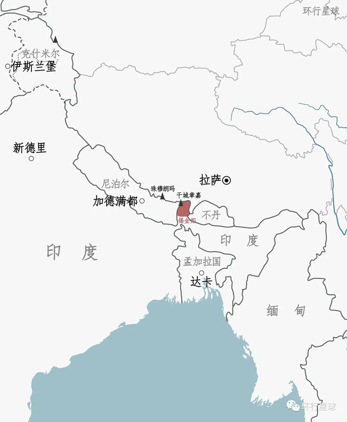 尼印的界碑,左边尼泊尔,右边印度,前方锡金
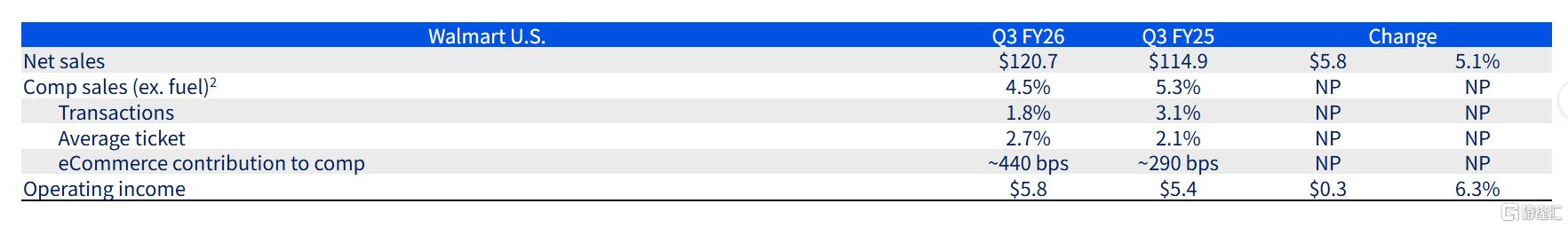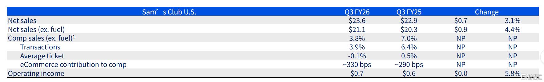 子品牌山姆会员店的销售额约236亿美元,同比增长3.1%;不含燃油的可比销售额增长约4.4%;电商增长约22%。
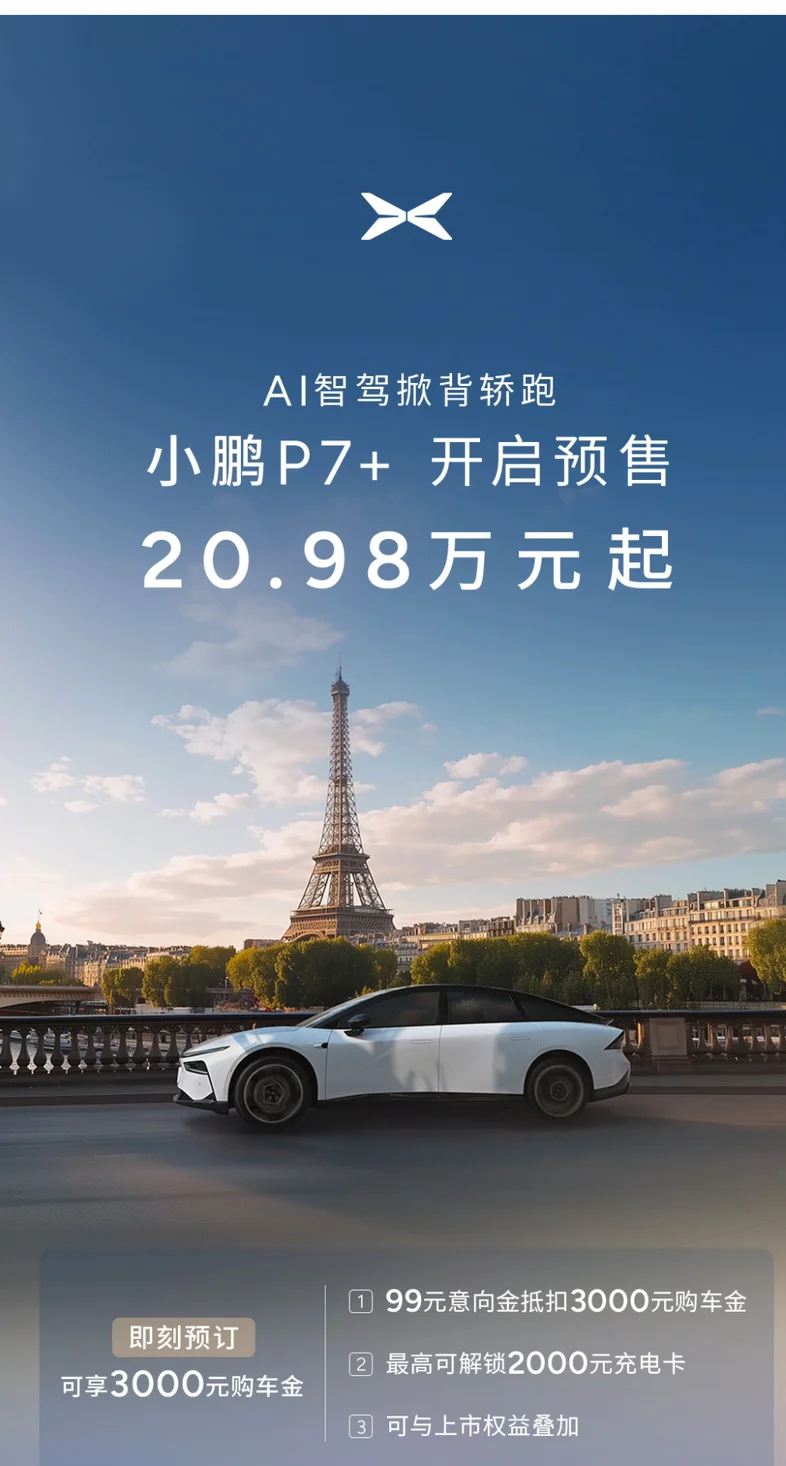 全球首款AI汽车小鹏P7+准备和鹏友们见面啦!10月10日起,小鹏P7+展车将陆续抵达全国各大门店,诚邀你到店开箱,深度了解全新车型,品鉴AI科技与智能。AI智驾、舒享大空间、有趣又智能的AI小P......更多惊喜欢迎你第一时间到店解锁!
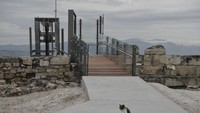 Sebagai perbandingan, Acropolis di Athena, Yunani, yang juga merupakan situs warisan dunia UNESCO, telah memasang lift aksesibilitas sejak 2004 dan menggantinya dengan sistem yang lebih modern pada 2020. (REUTERS/Louiza Vradi)
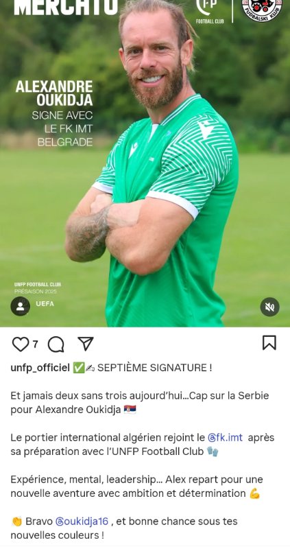 https://www.instagram.com/p/DL7-wZJo5y4/Grenat 1985 a écrit : Officiel : Alexandre Oukidja s’engage avec l’IMT Belgrade !
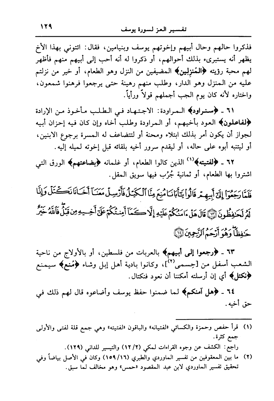 61 - {سَنُرَاوِدُ} المراودة: الاجتهاد في الطلب مأخوذ من الإرادة {لفاعلون} العود بأخيهم، أو المرادوة وطلب أخاه وإن كان فيه إحزان أبيه لجواز أن يكون أمر بذلك ابتلاء ومحنة أو لتتضاعف له المسرة برجوع الابنين، أو ليتنبه أبوه على حاله، أو ليقدم سرور أخيه بلقائه قبل إخوته لميله إليه.
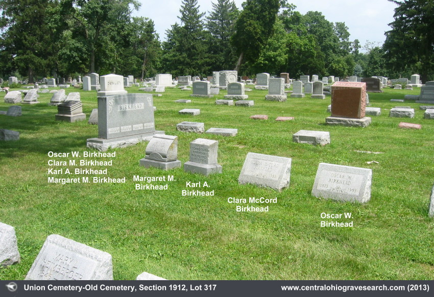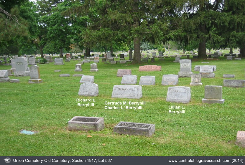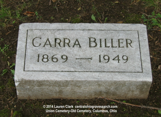 Blocker, Chloe R. | 1854 | * 05 Jun | 1929 | Union Cemetery Association Interment Book 7, page 268, lists aged 74 years, White female, funeral home: Albert T. McCoy in Washington Court House, Ohio, and indicates box containing ashes [no name listed] placed on top of vault. | Sec. 1912 | Lot 149 (Photo) | 1st on South, West Tier | Eastside | Map | ||
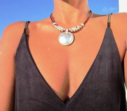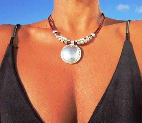 ♥ This Custom Statement leather and silver beaded pendant necklace is part of our best selling items, a perfect blend of timeless style handmade jewelry. Silver necklaces for women made to size to match your style. Designed as a delicate charm necklace, a layered pendant necklace or a bold Couples necklace, it’s available in multiple lengths to match your style. at KEKUGI you can find pendant necklaces, beaded necklaces, charm necklaces, choker necklaces, multi-strand layered necklaces and lariat & Y necklaces, unique bohemian jewelry Best selling items designs.
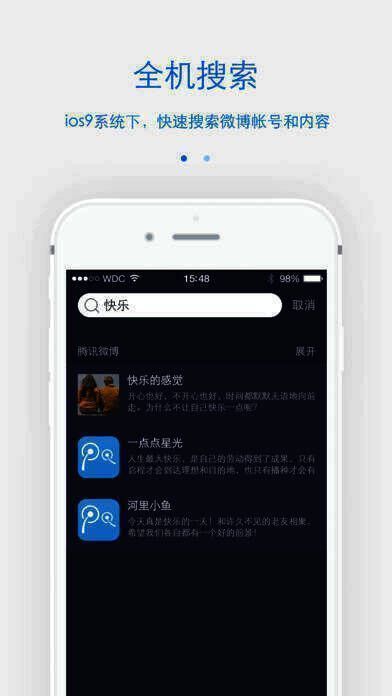 用户可在此发布任何动态信息,所有关注自己的朋友都能第一时间看到,分享好玩信息无需再发短信打电话,发微博十分便捷。

+ + + + +

* Your objective:
Everything in the material except the pictures should be restated word for word.

* Solution to the exercise:
 尼印的界碑,左边尼泊尔,右边印度,前方锡金
 子品牌山姆会员店的销售额约236亿美元,同比增长3.1%;不含燃油的可比销售额增长约4.4%;电商增长约22%。
 全球首款AI汽车小鹏P7+准备和鹏友们见面啦!10月10日起,小鹏P7+展车将陆续抵达全国各大门店,诚邀你到店开箱,深度了解全新车型,品鉴AI科技与智能。AI智驾、舒享大空间、有趣又智能的AI小P......更多惊喜欢迎你第一时间到店解锁!
 Sebagai perbandingan, Acropolis di Athena, Yunani, yang juga merupakan situs warisan dunia UNESCO, telah memasang lift aksesibilitas sejak 2004 dan menggantinya dengan sistem yang lebih modern pada 2020. (REUTERS/Louiza Vradi)
 https://www.instagram.com/p/DL7-wZJo5y4/Grenat 1985 a écrit : Officiel : Alexandre Oukidja s’engage avec l’IMT Belgrade !
 61 - {سَنُرَاوِدُ} المراودة: الاجتهاد في الطلب مأخوذ من الإرادة {لفاعلون} العود بأخيهم، أو المرادوة وطلب أخاه وإن كان فيه إحزان أبيه لجواز أن يكون أمر بذلك ابتلاء ومحنة أو لتتضاعف له المسرة برجوع الابنين، أو ليتنبه أبوه على حاله، أو ليقدم سرور أخيه بلقائه قبل إخوته لميله إليه.
 Blocker, Chloe R. | 1854 | * 05 Jun | 1929 | Union Cemetery Association Interment Book 7, page 268, lists aged 74 years, White female, funeral home: Albert T. McCoy in Washington Court House, Ohio, and indicates box containing ashes [no name listed] placed on top of vault. | Sec. 1912 | Lot 149 (Photo) | 1st on South, West Tier | Eastside | Map | ||
 ♥ This Custom Statement leather and silver beaded pendant necklace is part of our best selling items, a perfect blend of timeless style handmade jewelry. Silver necklaces for women made to size to match your style. Designed as a delicate charm necklace, a layered pendant necklace or a bold Couples necklace, it’s available in multiple lengths to match your style. at KEKUGI you can find pendant necklaces, beaded necklaces, charm necklaces, choker necklaces, multi-strand layered necklaces and lariat & Y necklaces, unique bohemian jewelry Best selling items designs.
 用户可在此发布任何动态信息,所有关注自己的朋友都能第一时间看到,分享好玩信息无需再发短信打电话,发微博十分便捷。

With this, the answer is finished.